Lunar limb profile 2015 (Britastro.org)

Pic. 7 An example of lunar limb profile graph, as generated for 2015 total solar eclipse by Solar Eclipse Maestro (Britastro.org /Xjubier.free.fr)

 – Earth topography, that as well as a lunar limb profile modifies a shape of the umbra, but also not much. I could say, that this factor can be negligible, even if we have a high mountains, I think. On the other hand, it can be more important for Baily’s Beads observation, when an observer is placed within grazing zone, but this is a not a thing to looking at in this article. Usually the difference between true limb and Earth surface alterations is much smaller, that difference between smooth limb and true limb (Pic. 6).

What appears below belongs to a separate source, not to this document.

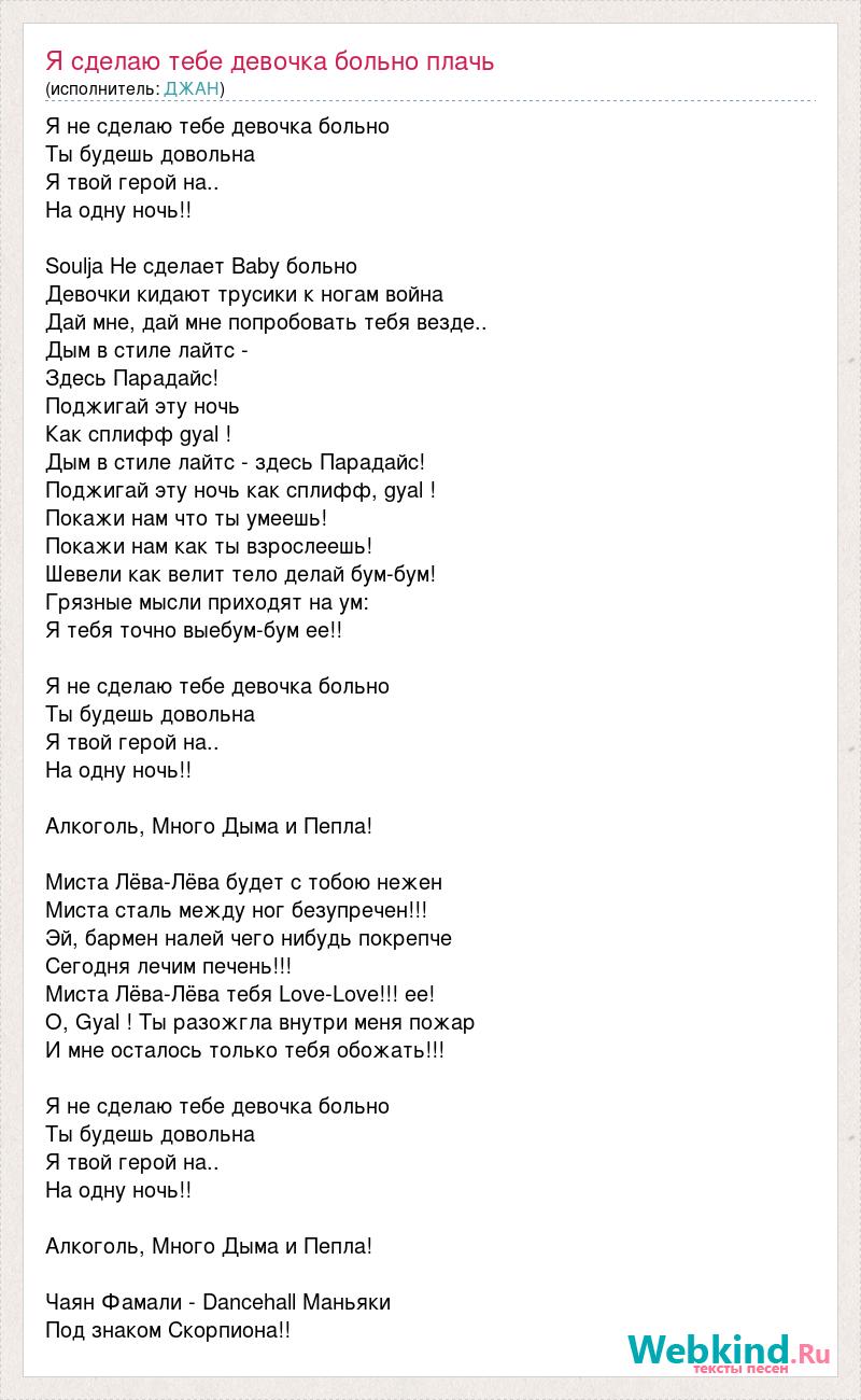 Я не сделаю тебе девочка больно Ты будешь довольна Я твой герой на.. На одну ночь!! Soulja Не сделает Baby больно Девочки кидают трусики к ногам война Дай мне, дай мне попробовать тебя везде.. Дым в стиле лайтс - Здесь Парадайс! Поджигай эту ночь Как сплифф gyal ! Дым в стиле лайтс - здесь Парадайс! Поджигай эту ночь как сплифф, gyal ! Покажи нам что ты умеешь! Покажи нам как ты взрослеешь! Шевели как велит тело делай бум-бум! Грязные мысли приходят на ум: Я тебя точно выебум-бум ее!! Я не сделаю тебе девочка больно Ты будешь довольна Я твой герой на.. На одну ночь!! Алкоголь, Много Дыма и Пепла! Миста Лёва-Лёва будет с тобою нежен Миста сталь между ног безупречен!!! Эй, бармен налей чего нибудь покрепче Сегодня лечим печень!!! Миста Лёва-Лёва тебя Love-Love!!! ее! O, Gyal ! Ты разожгла внутри меня пожар И мне осталось только тебя обожать!!! Я не сделаю тебе девочка больно Ты будешь довольна Я твой герой на.. На одну ночь!! Алкоголь, Много Дыма и Пепла! Чаян Фамали - Dancehall Маньяки Под знаком Скорпиона!!

 – Earth atmosphere, which includes a lot of air molecles, scattering the light as well as cloud coverage, that can also modify a shadow shape, but only locally and for a really short period.

4. LUNAR SHADOW SEEN FROM SPACE AND ATMOSPHERE

Describing an appearance of the lunar shadow I will follow the direction from the top to the bottom. Firstly I show you how it looks from the space then, next from the atmosphere (meteorological baloon and plane) and finally from an observer’s perspective on the ground.

View of the lunar shadow from the space or atmosphere is the best, as you can witness. Everyone knows, that this is hard to achieve. The view an umbra from the space is reserved for ISS workers only, however a view it from the Earth’s atmosphere is concievable. We can raise a meteorological balloon or book a flight alongside the path of totality. For people keen on seeing the shadow from the space a good alternative is taking the look on weather real-time satellite imagery, which often record a umbral movement (Pic. 11).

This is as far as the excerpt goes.